Nanotechnology is no longer confined to science fiction. In recent years, the technology
of tiny particles has invaded every aspect of our daily lives. Tennis racquets, special-
purpose fabrics, fuels, household articles, even paints: many everyday products now
have components measurable on the scale of a nanometre, or one billionth of a metre.
Nanotechnologies are also popular in the cosmetics industry, particularly in sunscreens,
and the pharmaceuticals industry is likewise conducting very active research into the
production of “smart” drugs that perform even better.

While nanoparticles’ diminutive size means they have unprecedented physical
properties (such as diffusion, resistance or flexibility of use) that are invaluable in
industrial applications, it also raises the question of their toxicity for consumers and the
workforce. Their tiny diameter means that they can penetrate the body’s natural barriers,
particularly through contact with damaged skin or by inhalation or ingestion.
Moreover, their toxicity has already been established in animals: mice were found to
develop symptoms of inflammation and pulmonary fibrosis following application of
carbon nanoparticles to the trachea. But until now no cases had been reported in
humans. The revelations to be published in the ERJ by a Beijing team will thus break
new ground and relaunch the debate on the dangers of nanotechnologies.

Risk to heart and lungs

The study, by a team led by Yuguo Song, of the Occupational Disease and Clinical
Toxicology Department at Chaoyang Hospital in Beijing, involved seven healthy young
women employed in a print plant. Over the course of a few months, all of the women
were hospitalised for respiratory problems, accompanied by itchy eruptions of the skin
on the face and arms.
On examination, the patients were found to have liquid effusion around the heart and
lungs, which proved resistant to all treatments. Comprehensive investigation led to a
diagnosis, in all cases, of pulmonary fibrosis with consequent impairment of lung
function.

The Chinese team’s suspicions were raised in particular by the results from electron
microscopy of the chemical used, lung biopsy tissue and pleural effusion liquid. All
three were found to contain round nanoparticles with a diameter of approximately 30
nanometres, which could even be found in the cytoplasm of the pulmonary epithelial
and mesothelial cells.
According to Yuguo Song, these particles must originate in the polyacrylate-based
adhesive paints used by the women daily in the course of their work.
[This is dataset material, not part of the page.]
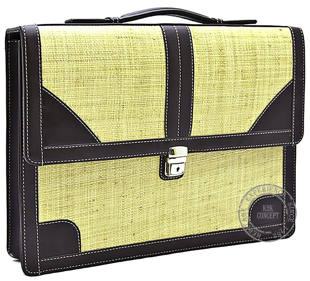 Cartable à main en paille naturelle avec deux soufflets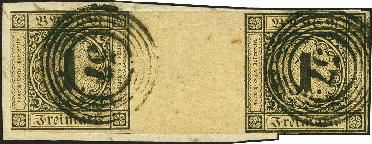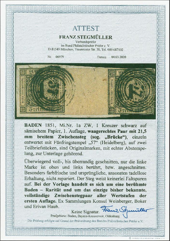 | Zusatzinformationen und Suchstichworte: | 380. Auktion Heinrich Köhler Auktionstermin 25.03.2023 Los 3 1851, 1. Auflage: 1 Kreuzer auf sämisch, waagerechtes Brücken-Paar mit 21,5 mm breitem Zwischensteg, links etwas berührt, sonst voll- bis breitrandig, mit sauber aufgesetzter Nr. "57" HEIDELBERG auf zwei Teilbriefstücken. Tadellose und ursprüngliche, frische Erhaltung. Diese Stück gehört zu den großen Seltenheiten der Baden- und Altdeutschland-Philatelie. Es ist das einzige vollständige Zwischenstegpaar der Marken der 1. Auflage von 1851. Fotoattest Stegmüller BPP (2020) Ausruf 50.000,00 EUR Zuschlag 210.000,00 EUR (aus der Sammlung Erivan Haub) |

He emphasises
that, despite repeated efforts, he has not at this stage been able to obtain precise data on
the composition of the paint in question. Likewise, the researchers have not been able to
determine the workers’ level of exposure through measurement of airborne particles,
since the workshop was closed down several months before their investigation began.
But that was not the end of the matter. Researchers at Beijing Chaoyang Hospital,
together with the Chinese Centre for Disease Control, were able through careful
detective-style investigation of the women’s working conditions and analysis of lung
biopsy tissue and pleural effusion liquid to reconstruct the probable sequence of events
that led to their poisoning with nanoparticles.

Unventilated premises

Before their respiratory symptoms led them to consult a doctor, the seven young women
had been working for between 5 and 13 months in the same workshop, where white
paint was sprayed onto polystyrene slabs. The spraying, and the heating and drying of
the polystyrene slabs, were part of an automatic process; the workers’ task was, using a
large scoop, to load the machine with adhesive paint, made up of polyacrylic esters, and
handle the slabs.
The researchers learned that, in the months leading up to the workers’ illness, the 70 m2
workshop had been very poorly ventilated. It was windowless, the door remained closed
because of the cold, and the ventilation system had broken down five months earlier.
“The workers, of peasant origin, were also completely unaware of workplace health and
safety regulations and of the potential toxicity of the materials they were handling,”
explains Yuguo Song. “Their only protection, used sporadically, was cotton gauze
masks.”
When interviewed, the women mentioned that flecks were often present in the air and
this seemed to cause itching on their face and arms.

A new challenge

Despite these unfavourable conditions, the authors of the ERJ article maintain that this
was not simply a case of intoxication by paint vapour as a result of poor ventilation, but
that the illness was caused by the inherent toxicity of the nanoparticles, which entered
the body either through the airways or through the skin, or perhaps through both. “It is
clear that the symptoms, the examination results and the progress of the disease in our
patients differ markedly from respiratory pathologies induced by paint inhalation,”
Yuguo Song emphasises. By way of evidence, he points to the fact that, within two
years, two of the women died and the other patients’ pulmonary fibrosis continued
slowly to develop even once the exposure had stopped.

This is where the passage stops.